A exposição «Documentary & Anti-grafic» juntou em 1935, na Galeria Julien Levy de NY, as fotografias de HCB, Alvaraz Bravo e Walker Evans. Foi reconstituída em 2004 na Fundação Cartier-Bresson
"Os fotógrafos do real"
Um catálogo publicado 70 anos depois.
EXPRESSO/Actual de 2 Abril 2005
A reunião de (ou dos) três nomes maiores da fotografia do século XX - Cartier-Bresson, Alvarez Bravo e Walker Evans - numa exposição realizada de 23 de Abril a 7 de Maio de 1935 na Galeria Julien Levy de Nova Iorque era um dado conhecido das suas biografias e também da de um galerista que salvou e levou para a América o espólio de Eugène Atget e que teve um papel de relevo na apresentação dos surrealistas. Mas esse registo pouco mais podia ser do que uma data inscrita em extensas cronologias e um motivo de curiosidade. Como foi possível associar os três fotógrafos, então nos primeiros anos de carreira? O que teria significado essa exposição?
O aparecimento de um insólito anúncio-convite nos arquivos de Cartier-Bresson quando se começou a organizar a fundação com o seu nome deu origem a uma longa investigação, que culminou com a respectiva reconstituição, o mais possível aproximada, e com a edição de um catálogo. A exposição, com provas de época do espólio de HCB ou cedidas pelos grandes museus americanos, abriu em 2004 na Fundação Cartier-Bresson e passou para o Museu de l’Elysée, em Lausanne, onde encerra no dia 10. O livro chegou agora às livrarias, numa edição bilingue, francês-inglês, da Steidl (192 págs., 30€). Embora as imagens tenham sido muitas vezes reproduzidas, é uma das mais importantes publicações fotográficas recentes.

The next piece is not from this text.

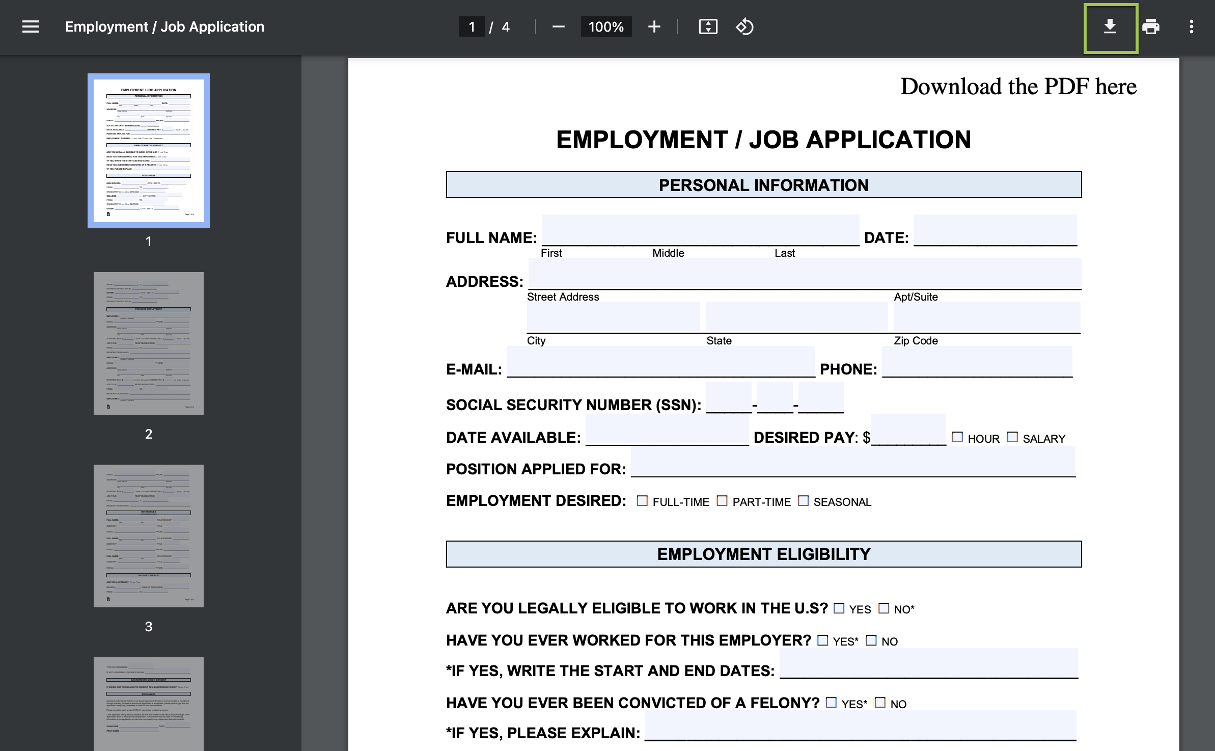 On the top right of the window, click the Download button and choose a directory on your computer to save the downloaded PDF.

Dois textos iniciais de Agnès Sire (directora da fundação e comissária da exposição), em colaboração com a investigadora Tamara Corm, e de Daniel Girardin (conservador do Museu do Eliseu) fazem a história da mostra de 1935 e das pesquisas que conduziram à reconstituição. Depois, o historiador Ian Jeffrey e Michel Tournier escrevem sobre Manuel Alvarez Bravo (1902-2002); Peter Galassi, conservador-chefe do departamento de fotografia do MoMA, ocupa-se de Cartier-Bresson (1908-2004); e Jeff L. Rosenheim, conservador do Metropolitan, de Walker Evans (1903-1975). Não são meros textos de circunstância, mas excelentes sínteses que interpretam as obras de um modo não anacrónico, isto é, sem as subordinar ao que sabemos das carreiras futuras.

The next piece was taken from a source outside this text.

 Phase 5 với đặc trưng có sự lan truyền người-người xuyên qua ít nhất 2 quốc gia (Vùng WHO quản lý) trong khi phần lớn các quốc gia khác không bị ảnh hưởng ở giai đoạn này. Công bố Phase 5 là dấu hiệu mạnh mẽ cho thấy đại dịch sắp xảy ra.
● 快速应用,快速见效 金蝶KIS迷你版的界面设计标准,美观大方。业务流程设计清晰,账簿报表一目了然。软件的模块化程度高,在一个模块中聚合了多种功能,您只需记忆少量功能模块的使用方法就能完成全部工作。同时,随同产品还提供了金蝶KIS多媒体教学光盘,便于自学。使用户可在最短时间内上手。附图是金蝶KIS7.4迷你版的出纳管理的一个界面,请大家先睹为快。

Sobre os nomes dos três autores a formarem dois olhos surgia no convite de 35 a indicação «Documentary and Anti-grafic», a qualificar as fotografias expostas. O título é inesperado e traduz a plena consciência por parte do galerista de que elas não se inseriam nas regras e nos gostos então vigentes nos meios da arte fotográfica. Julian Levy abrira a galeria em 1931, seguindo as pisadas de Stieglitz; nesse mesmo ano, expôs Atget e Nadar, a par de uma colectiva intitulada «Surrealismo»; em 1932, apresentou Walker Evans; e no ano seguinte HCB, designando já as suas obras como «fotografia anti-gráfica». Num texto que assinou com pseudónimo, defendia cautelosamente a diferença da sua fotografia «rude e crua» face à elegância formal dos três famosos «S» (Stieglitz, Strand, Sheeler).

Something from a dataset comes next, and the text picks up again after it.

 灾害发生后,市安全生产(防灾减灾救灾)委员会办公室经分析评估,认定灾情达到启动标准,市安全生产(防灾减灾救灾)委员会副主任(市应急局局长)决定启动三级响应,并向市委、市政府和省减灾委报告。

A exposição de 35 foi um momento fundador, que afirmou a reacção comum à fotografia artística da tradição modernista norte-americana e do vanguardismo europeu, abrindo os novos caminho da «fotografia do real». Uma via imensa e de longo futuro, feita da diversidade de todos os grandes olhares, que na sequência da II Guerra Mundial, como sublinha Agnès Sire, viria a ser em grande parte absorvida pelo fotojornalismo.